= The Four PP =

16th c. interlude by John Heywood

Cover page of The Four PP by John Heywood showing the three chief characters Pedlar, Pothecary and Pardoner amid the lying competition.

The Play called the foure PP; a newe and a very mery interlude of a palmer, a pardoner, a potycary, a pedler or The Four PP (pronounced "pees", plural of the name of the letter P) is an interlude by John Heywood written around 1530 that relates the tale of four men whose trades begin with the letter P. The characters in the play include two churchmen (a Pardoner and a Palmer), a medieval pharmacist (an aPothecary), and a Pedlar. The play has no female characters.

== Plot ==
The four characters introduce themselves and quarrel. To settle the argument, the Pedlar challenges them to hold a competition of lying.

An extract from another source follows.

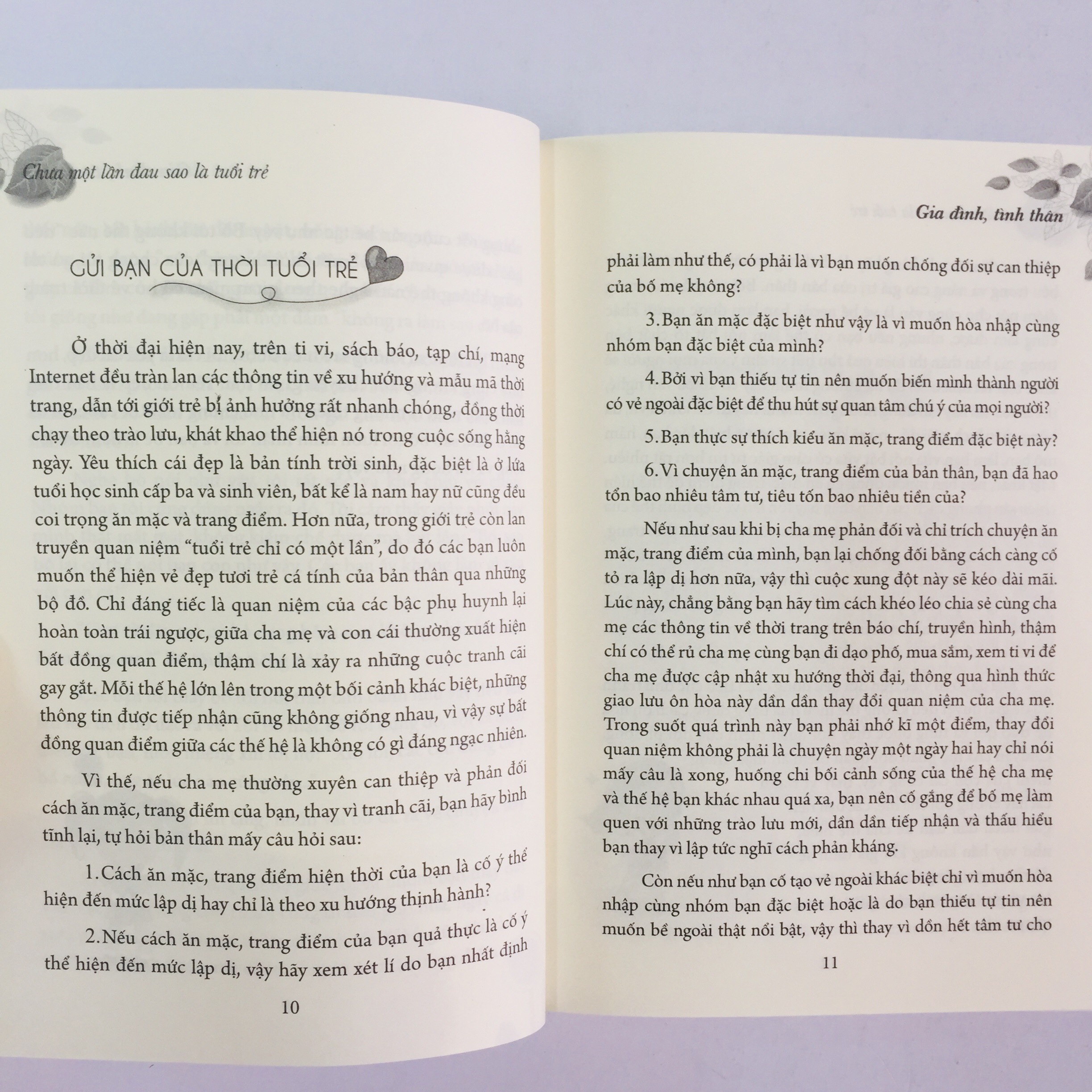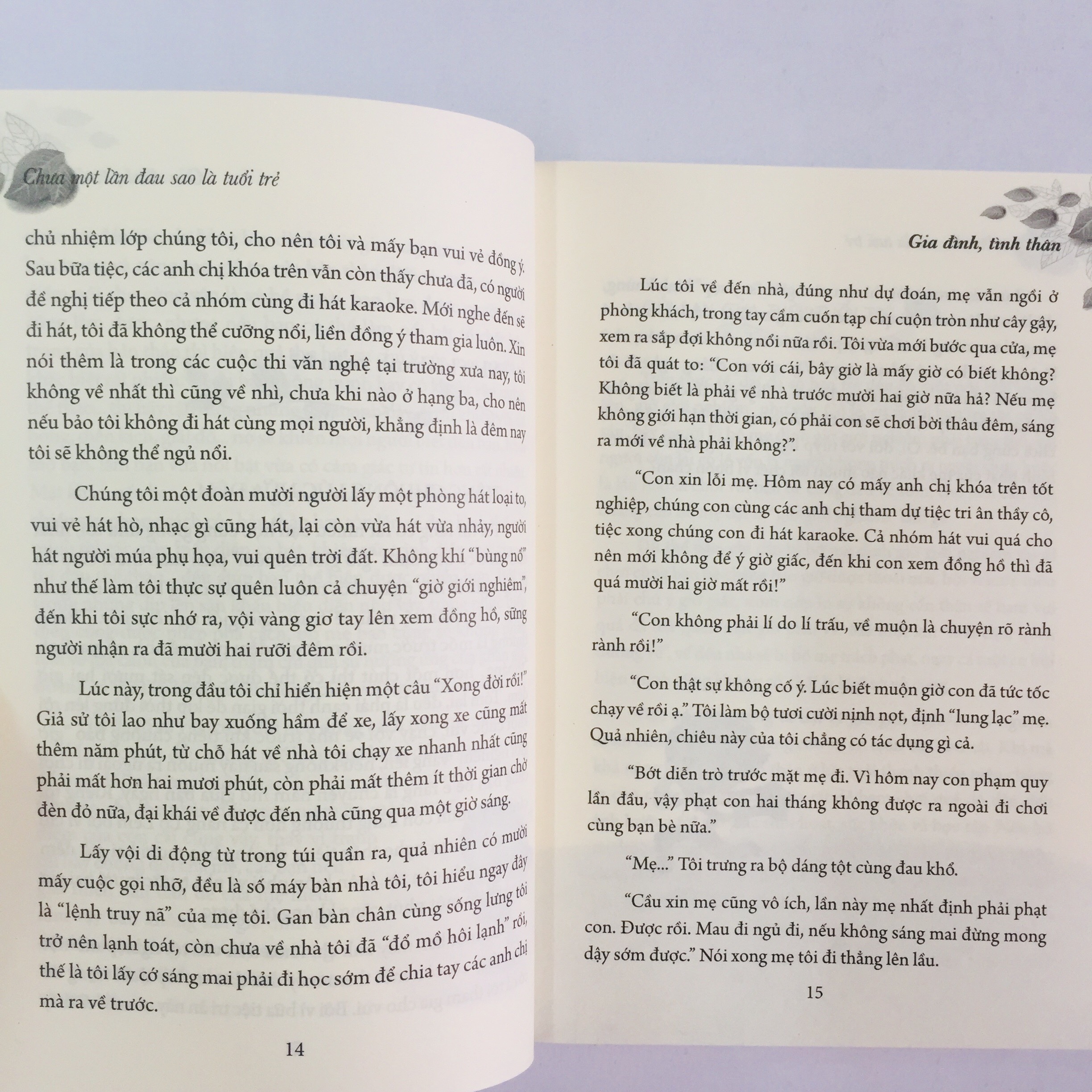Chưa Một Lần Đau Sao Là Tuổi Trẻ Chỉ cần bên cạnh bạn có những đôi tay sẵn sàng chìa ra nâng đỡ, có những bờ vai cho bạn tựa vào, có những cái ôm động viên khích lệ, vậy là quá trình trưởng thành của bạn vĩnh viễn không hoài phí mà còn nhận được nhiều hơn – Từ Lỗi Tuyên Tuổi trẻ là giai đoạn đẹp nhất của cuộc đời. Tuổi trẻ là chuyến hành trình một chiều, và những nỗi ưu phiền, rắc rối xoay quanh vấn đề học tập, tình bạn, tình yêu các mối quan hệ trong gia đình, nhà trường và ngoài xã hội luôn là một thế giới đầy thử thách  và thú vị. Chúng ta đều là những chú chim nhỏ háo háo bay ra ngoài kia khám phá thế giới, cho dù có bao nhiêu cay đắng, bao nhiêu vấp ngã, thì quá trình này vẫn luôn đầy ý nghĩa và đây chắc chắn sẽ là giai đoạn khó quên trong đời bạn. Hãy mang theo cuốn sách này và lòng can đảm tiến về phía trước để có được những trải nghiệm cảm nhận và tìm ra lời giải cho những nỗi đau đớn mà bạn đang ôm giữ trong lòng. Làm Thế Nào Để Ôm Một Chú Nhím - 12 Bí Quyết Kết Nối Với Trẻ Vị Thành Niên Ở sở thú, có những loài vật ôm được và có những loài “không thể ôm được”. Nhím có thể được xếp vào nhóm thứ hai bởi lớp lông nhọn hoắt được chúng dựng lên mỗi khi đánh hơi thấy nguy hiểm. Thanh thiếu niên cũng như vậy. Chúng gai góc (hoặc thích tỏ ra gai góc). Chúng có xu hướng dựng lên một hàng rào vô hình ngăn cản ta tiếp cận, giống như bộ lông nhọn hoắt của những chú nhím vậy. Tuy nhiên, có những nguyên tắc mà khi được tuân thủ sẽ giúp ta dễ dàng ôm được một chú nhím vào lòng. Và cũng có những bí quyết  sẽ giúp chúng ta vượt qua lớp hàng rào phủ đầy gai nhọn, phá vỡ bức tường ngăn cách do thanh thiếu niên dựng lên để có thể tạo nên sự khác biệt. Thẳm sâu trong thâm tâm, thanh thiếu niên rất mong bản thân được chấp nhận, được cần đến và được yêu thương. Việc ôm một chú nhím là một thách thức độc đáo, và việc xây dựng các mối quan hệ tích cực với thanh thiếu niên là việc vô cùng thiết yếu, sẽ làm phong phú cũng như biến đổi cuộc sống của chúng ta mãi mãi.

With Pedlar as the judge, the man with the unsurmountable lie would have mastery over the others. Pardoner starts by boasting about his relics since he is licensed to sell papal indulgences. The Pothecary begins by telling in crude details his marvelous cure. The tale has many bawdy elements. The Pardoner relates the tale of his visit to hell and how he witnessed the frustration of Lucifer and his company with one of his neighbours Margery Corson and would gladly get rid of her. They request the Pardoner to make sure (through the use of his pardons) that no more women are sent to hell. At last, the Palmer, accepting the tale of the Pardoner as plausible, tops the lies off by stating that he has never seen "any one woman out of patience". This way, he is the winner of the competition.

== Criticism ==
Greg Walker has argued that the lack of plot (for example, in Four PP where as soon as the Palmer has mastery over the Pardoner and Pothecary, he gives it up) has a lot to do with Heywood's political views. As these plays can logically be assumed to have been performed in the presence of the king on at least one occasion, it is a very fruitful reading of the plays to consider the ways in which Heywood is in fact arguing for a peaceful resolution to the conflicts caused by events leading up to the schism of 1531.